## Exercise instructions
All that is needed is the lines from the one containing "Embrace timeless symbolism" through the end of the listing, printed exactly, with no pictures among them.

## Information
=== Section Start ===

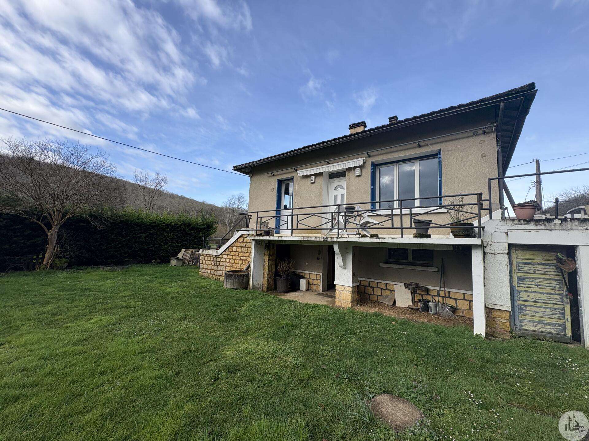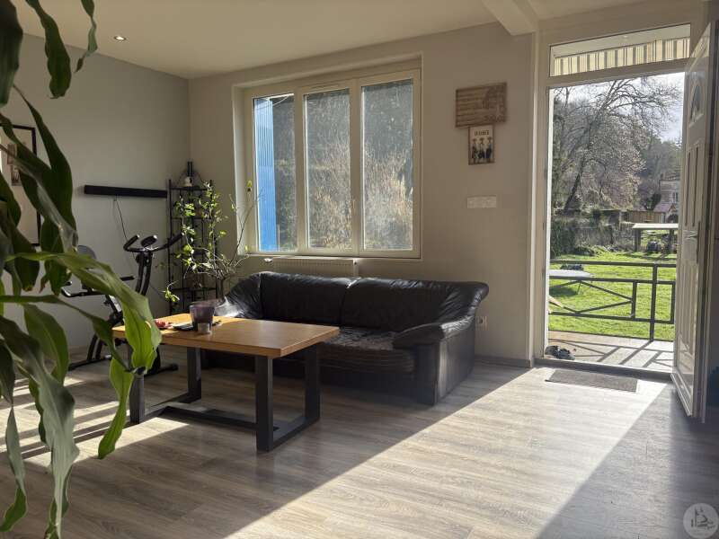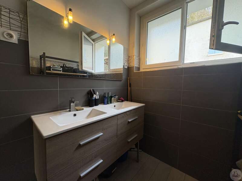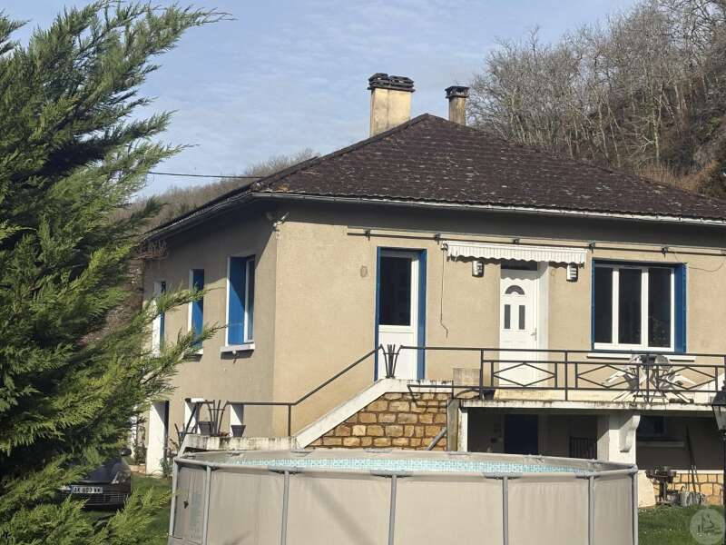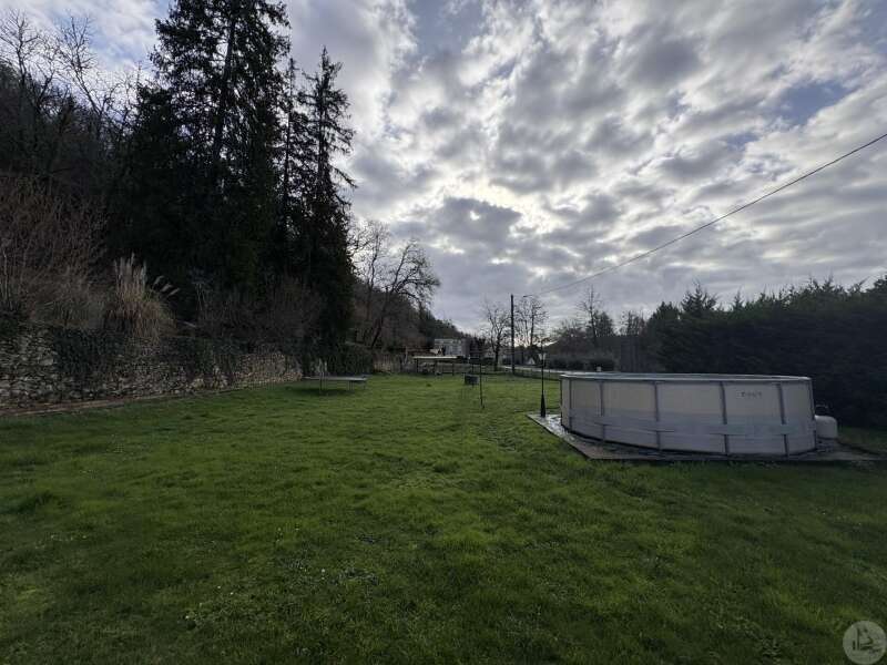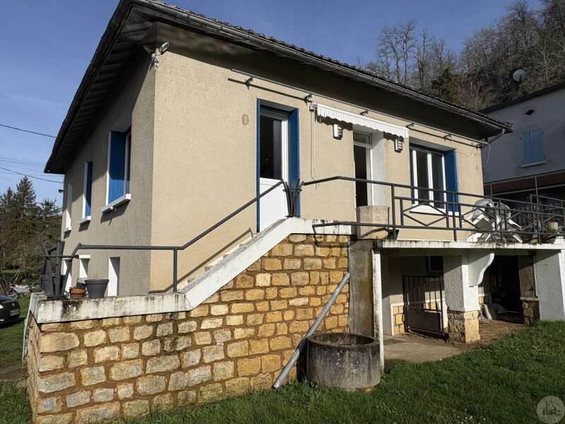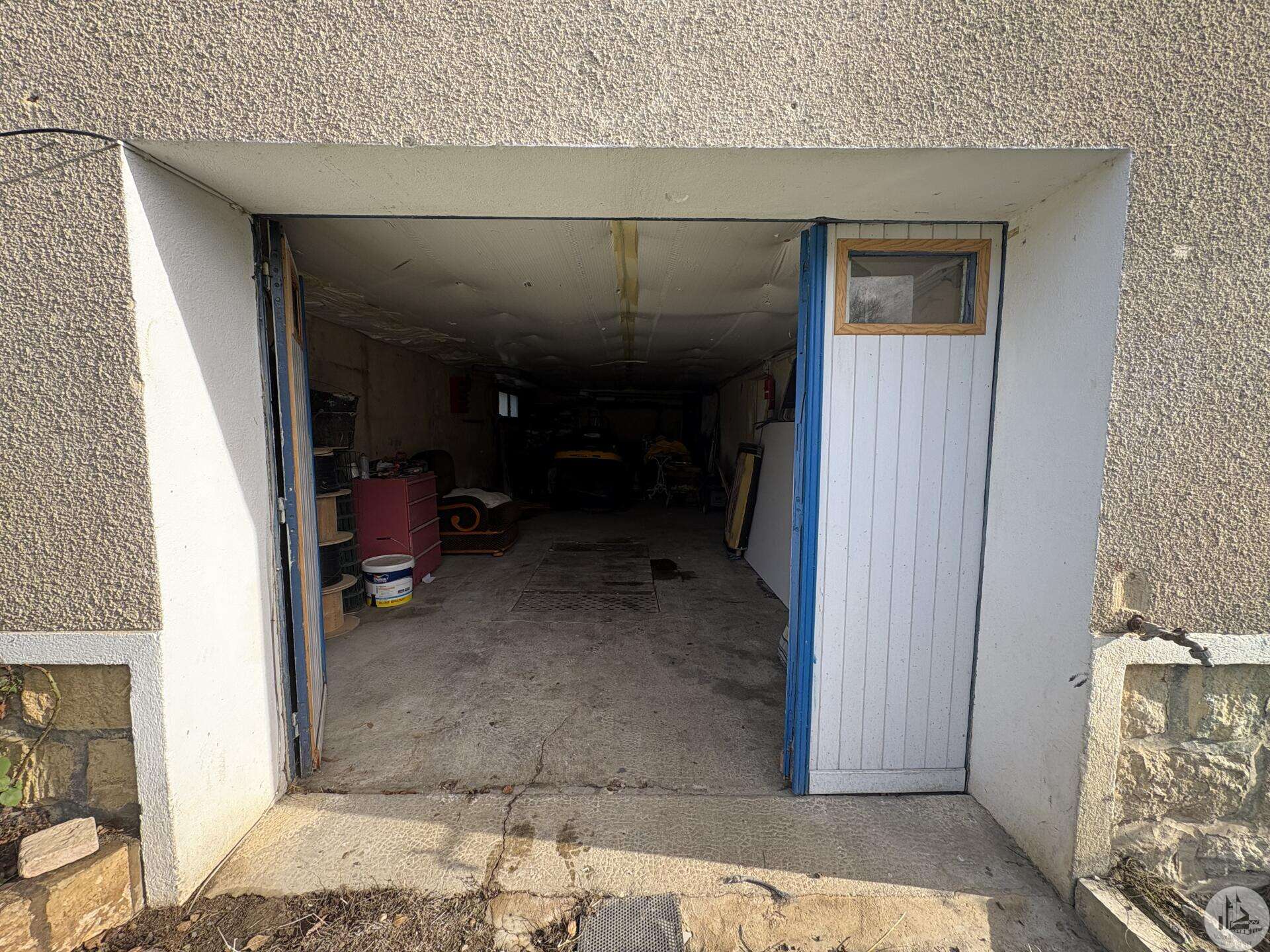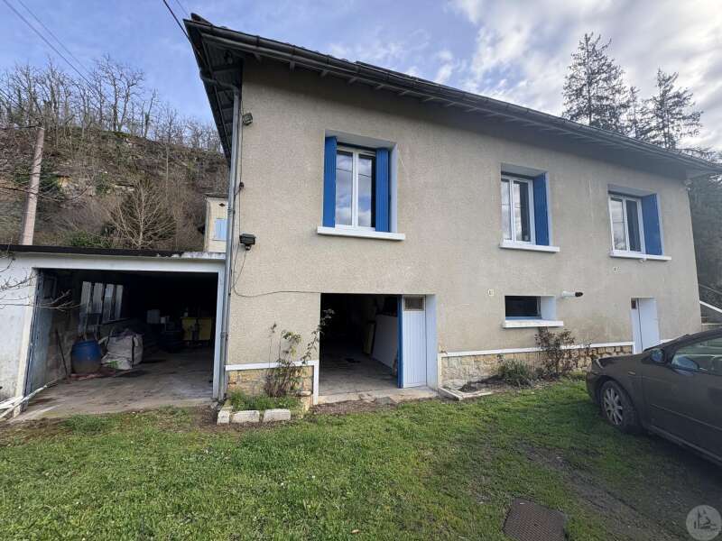House with a basement, built in 1959 on a 1375 m² plot. The living area on the first floor, approximately 83 m², comprises: A main living/dining room with an open-plan fitted kitchen, two bedrooms, a shower room with double vanity, and a separate toilet. The basement, of the same size with access from both inside and outside, comprises: A double garage, a laundry area, and a storage room. Two outbuildings: A detached garage and a workshop. Outside, there is a terrace on each level with a courtyard and enclosed garden. The windows and doors are double-glazed PVC. The heating system is mains gas with a recently installed boiler. The wastewater treatment system is an individual septic tank. Solar panels.
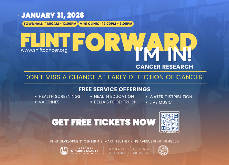 Genesee County, MI — Flint Forward: Community Town Hall and Free Mini Clinic, hosted by the National Minority Quality Forum (NMQF), is coming to Flint on Saturday, January 31. The event represents exactly the kind of proactive, people-centered work that protects the health and wellbeing of Genesee County residents. The Cancer Stage Shifting Initiative of the NMQF has teamed up with Life in 3D and local community partners to meet residents where they are by expanding access to prevention, early detection, and practical health resources in one setting.
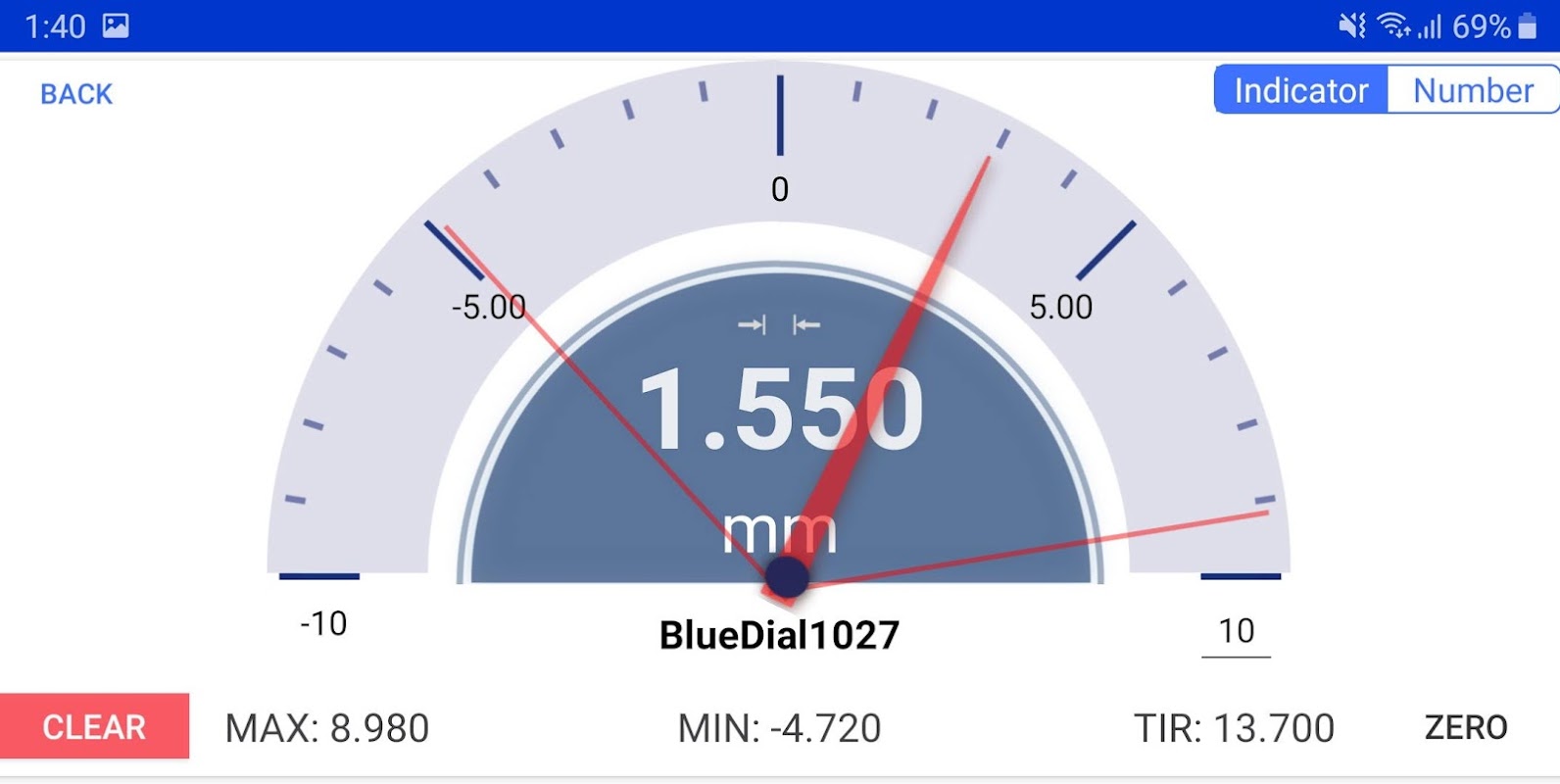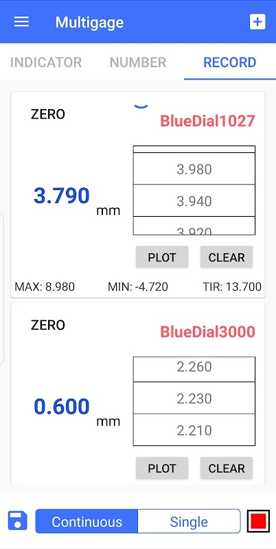 La aplicación MultiGage Reader es capaz de conectar hasta 8 unidades de dispositivos de medición Bluetooth Motionics y recibir lecturas de todos ellos al mismo tiempo. Cada dispositivo se asignará con un panel individual para mostrar la lectura de medición, max, min y TIR. El usuario puede desconectar un dispositivo o agregar más dispositivos sin interferencia en otros dispositivos y mediciones realizadas.
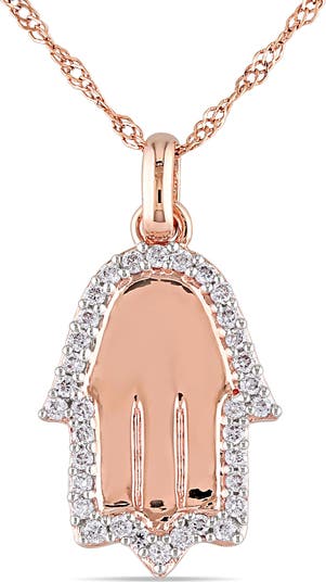 Embrace timeless symbolism with a modern touch. This elegant Hamsa pendant is crafted in radiant 14k rose gold and adorned with sparkling diamonds totaling 1/8 carat total weight. The Hamsa, a symbol of protection and good fortune, is beautifully accented with pavé-set diamonds that add just the right amount of shimmer. Suspended from a coordinating chain, this meaningful piece blends spirituality and style effortlessly.
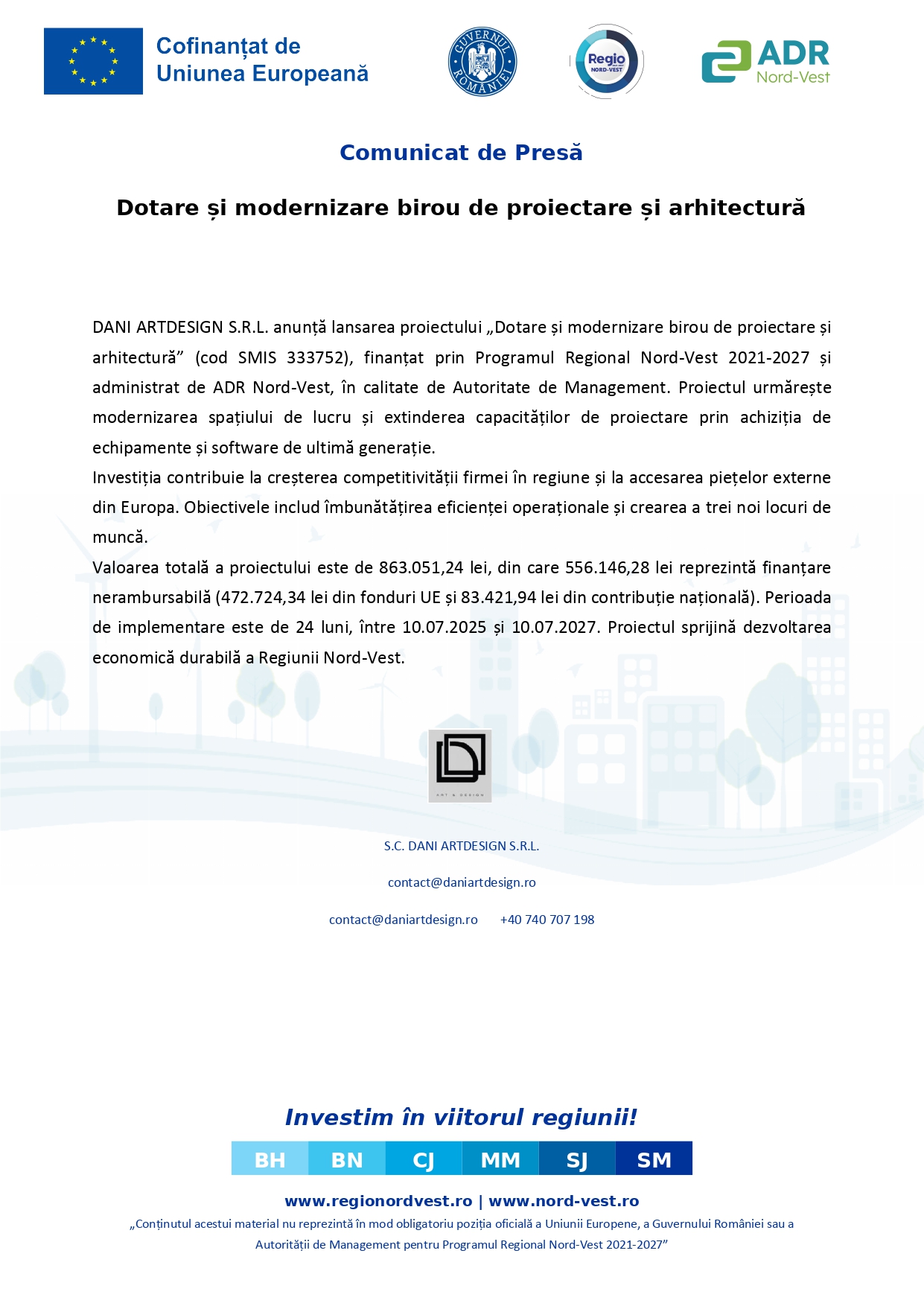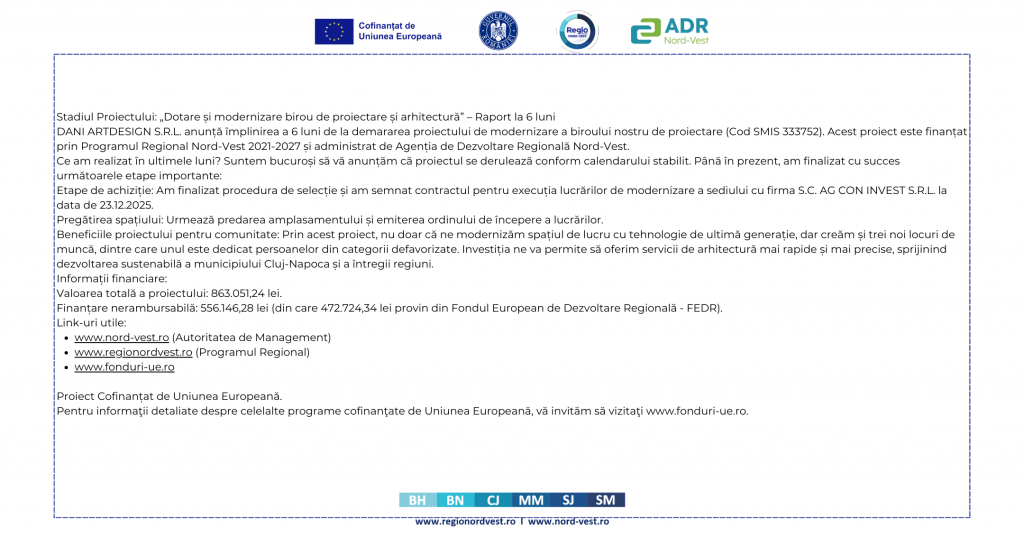 DANI ARTDESIGN S.R.L. implementează proiectul cu titlul „Dotare și modernizare birou de proiectare și arhitectură”, cod SMIS 333752, finanțat prin Programul Regional Nord-Vest 2021-2027. Proiectul se derulează în municipiul Cluj-Napoca, județul Cluj, pe o perioadă de 24 de luni, începând cu data de 10.07.2025 și având ca termen de finalizare data de 09.07.2027.
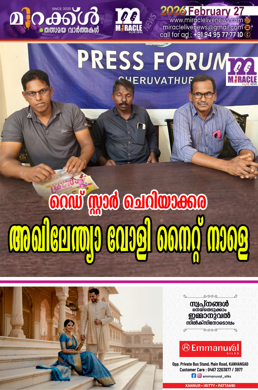 ചെറുവത്തൂര്: ചെറിയാക്കര റെഡ് സ്റ്റാര് ആര്ട്സ് ആന്റ് സ്പോര്ട്സ് ക്ലബ്ബിന്റെ ആഭിമുഖ്യത്തില് രണ്ടാമത് അഖിലേന്ത്യ വോളി നൈറ്റ് നാളെ നടക്കും. വൈകിട്ട് 7ന് എം രാജഗോപാലന് എംഎല്എ ഉദ്ഘാടനം ചെയ്യും. യൂണിവേഴ്സിറ്റി താരങ്ങളും സംസ്ഥാന, ദേശീയ താരങ്ങളും അണിനിരക്കുന്ന ആറ് പ്രാദേശികള് ടീമുകളാണ് വോളി നൈറ്റില് മത്സരിക്കുന്നത്. ജോളി കാനായി, യങ്സ്റ്റാര് മാതമംഗലം, ജനശക്തി ആലംന്തട്ട, സി. സി ഒടയംചാല്, സ്റ്റാര് ബോയ്സ് പാലോത്ത്, യൂത്ത് ഫെയ്സ് മാടത്തടുക്ക സ്പോണ്സര് ചെയ്യുന്ന മുംബൈ സ്പൈക്കേഴ്സ് എന്നീ ടീമുകളാണ് വോളി ടൂര്ണമെന്റില് അണിനിരക്കുന്നത്. ഒന്നാം സ്ഥാനം നേടുന്ന ടീമിന് 25,000 രൂപയും ട്രോഫിയും രണ്ടാം സ്ഥാനം നേടുന്ന ടീമിന് 20,000 രൂപയും ട്രോഫിയും സമ്മാനമായി നല്കും. 600 പേര്ക്ക് ഇരുന്നു കളി കാണുന്ന ഗാലറിയും 300 പേര്ക്ക് ഇരിക്കാനായി കസേരകളും സംഘാടക സമിതി ഒരുക്കിയിട്ടുണ്ട്. വോളി ടൂര്ണമെന്റില് നിന്ന് ലഭിക്കുന്ന വരുമാനം റെഡ് സ്റ്റാര് ക്ലബ്ബിന് കെട്ടിടം പണിയുന്നതിനും കളിസ്ഥലം നിര്മ്മിക്കുന്നതിന് വേണ്ടി ഉപയോഗിക്കുമെന്ന് ഭാരവാഹികളായ ടി.വി മധു, പി ബിജു, കെ. കെ തമ്പാന് എന്നിവര് വാര്ത്ത സമ്മേളനത്തില് അറിയിച്ചു.
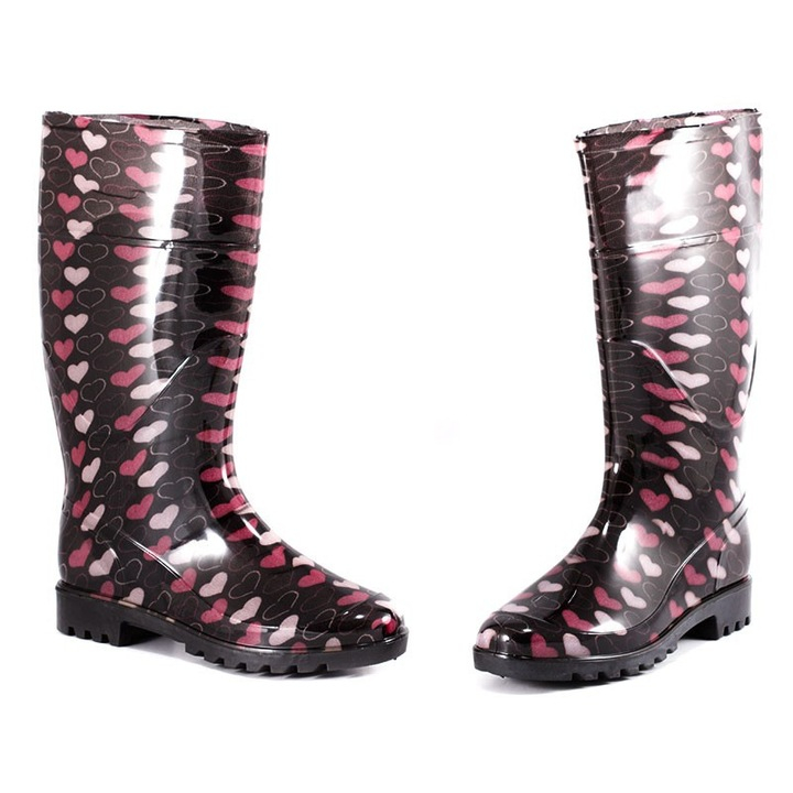 Cizme din silicon, rezistente si usor de curatat, decorate cu inimioare pentru un design jucaus si modern. Ofera protectie impotriva apei si umezelii, fiind ideale pentru zile ploioase. Confortabile si practice, perfecte pentru utilizare zilnica.

=== Section End ===

## Result of this exercise
 Embrace timeless symbolism with a modern touch. This elegant Hamsa pendant is crafted in radiant 14k rose gold and adorned with sparkling diamonds totaling 1/8 carat total weight. The Hamsa, a symbol of protection and good fortune, is beautifully accented with pavé-set diamonds that add just the right amount of shimmer. Suspended from a coordinating chain, this meaningful piece blends spirituality and style effortlessly.
 DANI ARTDESIGN S.R.L. implementează proiectul cu titlul „Dotare și modernizare birou de proiectare și arhitectură”, cod SMIS 333752, finanțat prin Programul Regional Nord-Vest 2021-2027. Proiectul se derulează în municipiul Cluj-Napoca, județul Cluj, pe o perioadă de 24 de luni, începând cu data de 10.07.2025 și având ca termen de finalizare data de 09.07.2027.
 ചെറുവത്തൂര്: ചെറിയാക്കര റെഡ് സ്റ്റാര് ആര്ട്സ് ആന്റ് സ്പോര്ട്സ് ക്ലബ്ബിന്റെ ആഭിമുഖ്യത്തില് രണ്ടാമത് അഖിലേന്ത്യ വോളി നൈറ്റ് നാളെ നടക്കും. വൈകിട്ട് 7ന് എം രാജഗോപാലന് എംഎല്എ ഉദ്ഘാടനം ചെയ്യും. യൂണിവേഴ്സിറ്റി താരങ്ങളും സംസ്ഥാന, ദേശീയ താരങ്ങളും അണിനിരക്കുന്ന ആറ് പ്രാദേശികള് ടീമുകളാണ് വോളി നൈറ്റില് മത്സരിക്കുന്നത്. ജോളി കാനായി, യങ്സ്റ്റാര് മാതമംഗലം, ജനശക്തി ആലംന്തട്ട, സി. സി ഒടയംചാല്, സ്റ്റാര് ബോയ്സ് പാലോത്ത്, യൂത്ത് ഫെയ്സ് മാടത്തടുക്ക സ്പോണ്സര് ചെയ്യുന്ന മുംബൈ സ്പൈക്കേഴ്സ് എന്നീ ടീമുകളാണ് വോളി ടൂര്ണമെന്റില് അണിനിരക്കുന്നത്. ഒന്നാം സ്ഥാനം നേടുന്ന ടീമിന് 25,000 രൂപയും ട്രോഫിയും രണ്ടാം സ്ഥാനം നേടുന്ന ടീമിന് 20,000 രൂപയും ട്രോഫിയും സമ്മാനമായി നല്കും. 600 പേര്ക്ക് ഇരുന്നു കളി കാണുന്ന ഗാലറിയും 300 പേര്ക്ക് ഇരിക്കാനായി കസേരകളും സംഘാടക സമിതി ഒരുക്കിയിട്ടുണ്ട്. വോളി ടൂര്ണമെന്റില് നിന്ന് ലഭിക്കുന്ന വരുമാനം റെഡ് സ്റ്റാര് ക്ലബ്ബിന് കെട്ടിടം പണിയുന്നതിനും കളിസ്ഥലം നിര്മ്മിക്കുന്നതിന് വേണ്ടി ഉപയോഗിക്കുമെന്ന് ഭാരവാഹികളായ ടി.വി മധു, പി ബിജു, കെ. കെ തമ്പാന് എന്നിവര് വാര്ത്ത സമ്മേളനത്തില് അറിയിച്ചു.
 Cizme din silicon, rezistente si usor de curatat, decorate cu inimioare pentru un design jucaus si modern. Ofera protectie impotriva apei si umezelii, fiind ideale pentru zile ploioase. Confortabile si practice, perfecte pentru utilizare zilnica.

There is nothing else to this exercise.